Exercise goal: When the line containing "Fibby UV-badetøj, lavet" appears in the data below, begin copying there and stop only after the line containing "Gold Leaves Crystal".

[Opening Material supplied section]

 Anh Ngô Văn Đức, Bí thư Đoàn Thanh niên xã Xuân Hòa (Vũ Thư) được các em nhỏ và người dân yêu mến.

[Closing Material supplied section]
[Opening Material supplied section]

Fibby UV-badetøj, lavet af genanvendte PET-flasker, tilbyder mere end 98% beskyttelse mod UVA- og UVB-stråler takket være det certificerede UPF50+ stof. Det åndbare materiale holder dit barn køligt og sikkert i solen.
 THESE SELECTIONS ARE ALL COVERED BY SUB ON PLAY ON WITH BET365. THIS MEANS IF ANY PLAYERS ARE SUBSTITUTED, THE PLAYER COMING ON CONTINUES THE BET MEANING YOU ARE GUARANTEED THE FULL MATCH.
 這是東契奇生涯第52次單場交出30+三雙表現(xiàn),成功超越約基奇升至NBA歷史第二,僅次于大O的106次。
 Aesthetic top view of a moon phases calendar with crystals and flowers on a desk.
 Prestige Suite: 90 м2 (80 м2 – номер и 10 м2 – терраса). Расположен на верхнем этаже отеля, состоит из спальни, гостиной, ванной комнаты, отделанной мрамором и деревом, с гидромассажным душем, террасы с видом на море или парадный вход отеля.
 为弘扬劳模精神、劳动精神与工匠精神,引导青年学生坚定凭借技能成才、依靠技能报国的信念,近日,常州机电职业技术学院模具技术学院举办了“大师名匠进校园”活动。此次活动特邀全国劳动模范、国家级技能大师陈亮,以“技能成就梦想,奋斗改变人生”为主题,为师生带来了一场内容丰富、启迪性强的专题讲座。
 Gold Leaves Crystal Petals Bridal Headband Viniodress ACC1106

[Closing Material supplied section]

Solution for this problem:
Fibby UV-badetøj, lavet af genanvendte PET-flasker, tilbyder mere end 98% beskyttelse mod UVA- og UVB-stråler takket være det certificerede UPF50+ stof. Det åndbare materiale holder dit barn køligt og sikkert i solen.
 THESE SELECTIONS ARE ALL COVERED BY SUB ON PLAY ON WITH BET365. THIS MEANS IF ANY PLAYERS ARE SUBSTITUTED, THE PLAYER COMING ON CONTINUES THE BET MEANING YOU ARE GUARANTEED THE FULL MATCH.
 這是東契奇生涯第52次單場交出30+三雙表現(xiàn),成功超越約基奇升至NBA歷史第二,僅次于大O的106次。
 Aesthetic top view of a moon phases calendar with crystals and flowers on a desk.
 Prestige Suite: 90 м2 (80 м2 – номер и 10 м2 – терраса). Расположен на верхнем этаже отеля, состоит из спальни, гостиной, ванной комнаты, отделанной мрамором и деревом, с гидромассажным душем, террасы с видом на море или парадный вход отеля.
 为弘扬劳模精神、劳动精神与工匠精神,引导青年学生坚定凭借技能成才、依靠技能报国的信念,近日,常州机电职业技术学院模具技术学院举办了“大师名匠进校园”活动。此次活动特邀全国劳动模范、国家级技能大师陈亮,以“技能成就梦想,奋斗改变人生”为主题,为师生带来了一场内容丰富、启迪性强的专题讲座。
 Gold Leaves Crystal Petals Bridal Headband Viniodress ACC1106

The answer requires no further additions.